(Data records)
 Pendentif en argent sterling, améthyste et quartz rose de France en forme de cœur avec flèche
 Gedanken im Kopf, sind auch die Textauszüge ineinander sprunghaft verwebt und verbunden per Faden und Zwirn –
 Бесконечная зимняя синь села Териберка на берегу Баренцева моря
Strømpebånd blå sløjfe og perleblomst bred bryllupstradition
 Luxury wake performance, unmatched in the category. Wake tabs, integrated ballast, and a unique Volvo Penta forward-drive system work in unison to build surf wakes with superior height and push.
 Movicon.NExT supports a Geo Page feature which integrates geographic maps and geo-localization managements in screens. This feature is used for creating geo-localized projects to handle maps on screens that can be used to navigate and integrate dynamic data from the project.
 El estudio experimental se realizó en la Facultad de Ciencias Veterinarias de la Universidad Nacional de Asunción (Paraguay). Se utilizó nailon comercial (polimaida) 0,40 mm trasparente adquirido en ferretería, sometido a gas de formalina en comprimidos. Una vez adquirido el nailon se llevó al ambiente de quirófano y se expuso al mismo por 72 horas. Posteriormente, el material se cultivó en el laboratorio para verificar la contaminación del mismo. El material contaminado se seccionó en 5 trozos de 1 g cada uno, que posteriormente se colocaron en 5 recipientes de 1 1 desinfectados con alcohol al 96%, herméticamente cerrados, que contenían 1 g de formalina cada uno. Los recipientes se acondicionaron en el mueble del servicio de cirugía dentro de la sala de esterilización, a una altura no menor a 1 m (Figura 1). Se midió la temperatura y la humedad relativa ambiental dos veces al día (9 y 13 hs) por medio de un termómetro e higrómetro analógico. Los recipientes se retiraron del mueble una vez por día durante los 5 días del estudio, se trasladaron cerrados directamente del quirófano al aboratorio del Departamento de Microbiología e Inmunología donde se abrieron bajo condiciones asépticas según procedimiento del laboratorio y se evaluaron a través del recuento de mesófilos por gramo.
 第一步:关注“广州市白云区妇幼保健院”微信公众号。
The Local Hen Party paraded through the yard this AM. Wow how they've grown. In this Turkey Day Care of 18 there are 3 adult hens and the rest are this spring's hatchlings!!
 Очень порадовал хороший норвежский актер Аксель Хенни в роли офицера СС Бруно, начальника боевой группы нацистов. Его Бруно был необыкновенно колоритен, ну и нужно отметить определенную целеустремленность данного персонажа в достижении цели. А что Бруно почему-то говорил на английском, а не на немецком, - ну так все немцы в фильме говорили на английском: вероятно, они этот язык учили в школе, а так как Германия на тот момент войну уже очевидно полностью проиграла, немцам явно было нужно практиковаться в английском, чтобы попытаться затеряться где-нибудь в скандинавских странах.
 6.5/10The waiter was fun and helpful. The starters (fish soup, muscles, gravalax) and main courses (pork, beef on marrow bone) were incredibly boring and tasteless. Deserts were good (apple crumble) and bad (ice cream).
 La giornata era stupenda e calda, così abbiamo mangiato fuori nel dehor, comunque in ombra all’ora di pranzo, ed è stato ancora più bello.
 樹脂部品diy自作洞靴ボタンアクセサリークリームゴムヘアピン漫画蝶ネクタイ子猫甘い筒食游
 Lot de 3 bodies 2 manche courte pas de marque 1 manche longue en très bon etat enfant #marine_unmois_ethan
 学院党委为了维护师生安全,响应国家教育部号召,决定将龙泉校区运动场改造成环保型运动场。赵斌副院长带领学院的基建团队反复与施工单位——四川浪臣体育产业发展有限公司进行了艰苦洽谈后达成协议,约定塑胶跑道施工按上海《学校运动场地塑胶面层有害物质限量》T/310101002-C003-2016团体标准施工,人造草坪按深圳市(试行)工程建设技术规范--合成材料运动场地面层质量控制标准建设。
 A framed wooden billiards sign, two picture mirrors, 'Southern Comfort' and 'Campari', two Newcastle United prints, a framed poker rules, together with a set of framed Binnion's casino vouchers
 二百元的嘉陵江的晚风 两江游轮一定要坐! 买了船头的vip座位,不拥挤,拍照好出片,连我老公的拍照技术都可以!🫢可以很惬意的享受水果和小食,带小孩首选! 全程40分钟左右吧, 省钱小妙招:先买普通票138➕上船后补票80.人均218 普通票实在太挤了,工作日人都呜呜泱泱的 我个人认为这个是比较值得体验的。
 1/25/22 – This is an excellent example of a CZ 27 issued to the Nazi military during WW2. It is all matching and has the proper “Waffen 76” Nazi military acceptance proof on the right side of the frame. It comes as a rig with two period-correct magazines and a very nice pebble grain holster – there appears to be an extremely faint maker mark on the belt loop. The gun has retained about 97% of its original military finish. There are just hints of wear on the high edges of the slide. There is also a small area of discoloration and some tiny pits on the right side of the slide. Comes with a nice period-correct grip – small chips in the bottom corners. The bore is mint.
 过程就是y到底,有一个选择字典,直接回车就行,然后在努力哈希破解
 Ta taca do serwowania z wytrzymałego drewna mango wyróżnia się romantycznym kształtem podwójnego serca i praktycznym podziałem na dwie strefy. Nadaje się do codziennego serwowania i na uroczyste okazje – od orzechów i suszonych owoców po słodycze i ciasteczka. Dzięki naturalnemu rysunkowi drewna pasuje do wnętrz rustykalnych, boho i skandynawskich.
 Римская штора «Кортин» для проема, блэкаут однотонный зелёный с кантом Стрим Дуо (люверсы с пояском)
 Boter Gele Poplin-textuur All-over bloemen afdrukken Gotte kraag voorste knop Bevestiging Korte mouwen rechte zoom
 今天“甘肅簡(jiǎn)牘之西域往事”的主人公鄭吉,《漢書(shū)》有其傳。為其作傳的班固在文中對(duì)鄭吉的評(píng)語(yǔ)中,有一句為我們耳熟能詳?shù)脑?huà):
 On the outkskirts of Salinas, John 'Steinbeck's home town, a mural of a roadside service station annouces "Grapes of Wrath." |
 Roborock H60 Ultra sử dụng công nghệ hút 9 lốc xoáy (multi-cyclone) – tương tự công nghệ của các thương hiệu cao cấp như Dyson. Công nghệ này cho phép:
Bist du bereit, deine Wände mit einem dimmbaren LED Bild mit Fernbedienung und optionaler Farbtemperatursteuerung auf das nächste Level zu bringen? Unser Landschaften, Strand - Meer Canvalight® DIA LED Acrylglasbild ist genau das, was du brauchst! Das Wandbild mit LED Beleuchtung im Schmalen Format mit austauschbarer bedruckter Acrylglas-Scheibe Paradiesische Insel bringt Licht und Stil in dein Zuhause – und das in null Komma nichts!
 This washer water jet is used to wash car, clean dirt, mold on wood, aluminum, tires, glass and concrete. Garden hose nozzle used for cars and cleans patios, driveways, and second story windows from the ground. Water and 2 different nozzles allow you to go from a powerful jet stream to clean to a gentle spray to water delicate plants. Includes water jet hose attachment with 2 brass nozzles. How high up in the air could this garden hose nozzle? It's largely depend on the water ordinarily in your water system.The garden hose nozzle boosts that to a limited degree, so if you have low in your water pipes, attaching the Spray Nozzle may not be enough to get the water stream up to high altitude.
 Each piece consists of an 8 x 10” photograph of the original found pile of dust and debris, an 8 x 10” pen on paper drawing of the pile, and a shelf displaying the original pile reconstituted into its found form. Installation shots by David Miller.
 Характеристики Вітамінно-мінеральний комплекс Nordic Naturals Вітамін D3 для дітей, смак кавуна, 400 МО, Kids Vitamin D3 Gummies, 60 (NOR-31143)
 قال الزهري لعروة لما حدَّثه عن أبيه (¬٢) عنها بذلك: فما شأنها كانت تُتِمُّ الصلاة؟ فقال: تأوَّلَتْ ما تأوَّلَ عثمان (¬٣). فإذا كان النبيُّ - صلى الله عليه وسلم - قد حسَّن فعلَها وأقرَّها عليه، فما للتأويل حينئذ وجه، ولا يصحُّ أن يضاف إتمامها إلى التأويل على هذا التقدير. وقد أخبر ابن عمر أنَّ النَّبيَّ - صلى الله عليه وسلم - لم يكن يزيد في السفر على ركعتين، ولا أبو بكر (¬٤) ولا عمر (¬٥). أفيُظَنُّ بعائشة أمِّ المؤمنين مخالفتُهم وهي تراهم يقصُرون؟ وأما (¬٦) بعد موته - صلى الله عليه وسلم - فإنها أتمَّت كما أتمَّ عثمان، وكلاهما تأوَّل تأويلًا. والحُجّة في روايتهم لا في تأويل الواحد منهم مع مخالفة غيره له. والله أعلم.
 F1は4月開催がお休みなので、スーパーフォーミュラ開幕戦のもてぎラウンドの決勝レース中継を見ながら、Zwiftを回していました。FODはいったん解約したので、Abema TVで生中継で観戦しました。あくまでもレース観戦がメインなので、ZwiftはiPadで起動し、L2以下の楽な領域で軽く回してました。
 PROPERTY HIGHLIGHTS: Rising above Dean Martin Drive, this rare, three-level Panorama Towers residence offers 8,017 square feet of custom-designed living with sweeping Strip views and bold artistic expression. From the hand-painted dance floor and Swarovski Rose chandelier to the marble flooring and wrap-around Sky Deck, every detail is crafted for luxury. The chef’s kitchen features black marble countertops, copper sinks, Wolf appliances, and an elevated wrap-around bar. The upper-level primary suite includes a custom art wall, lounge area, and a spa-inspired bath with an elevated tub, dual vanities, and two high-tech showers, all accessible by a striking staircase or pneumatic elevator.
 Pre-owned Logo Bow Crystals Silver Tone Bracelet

* _Requirement_: Above are records; repeat only the lines starting at the line with "Each piece consists" and ending at the line with "Характеристики Вітамінно-мінеральний комплекс", exactly as they appear, both included.

* _The answer_:
 Each piece consists of an 8 x 10” photograph of the original found pile of dust and debris, an 8 x 10” pen on paper drawing of the pile, and a shelf displaying the original pile reconstituted into its found form. Installation shots by David Miller.
 Характеристики Вітамінно-мінеральний комплекс Nordic Naturals Вітамін D3 для дітей, смак кавуна, 400 МО, Kids Vitamin D3 Gummies, 60 (NOR-31143)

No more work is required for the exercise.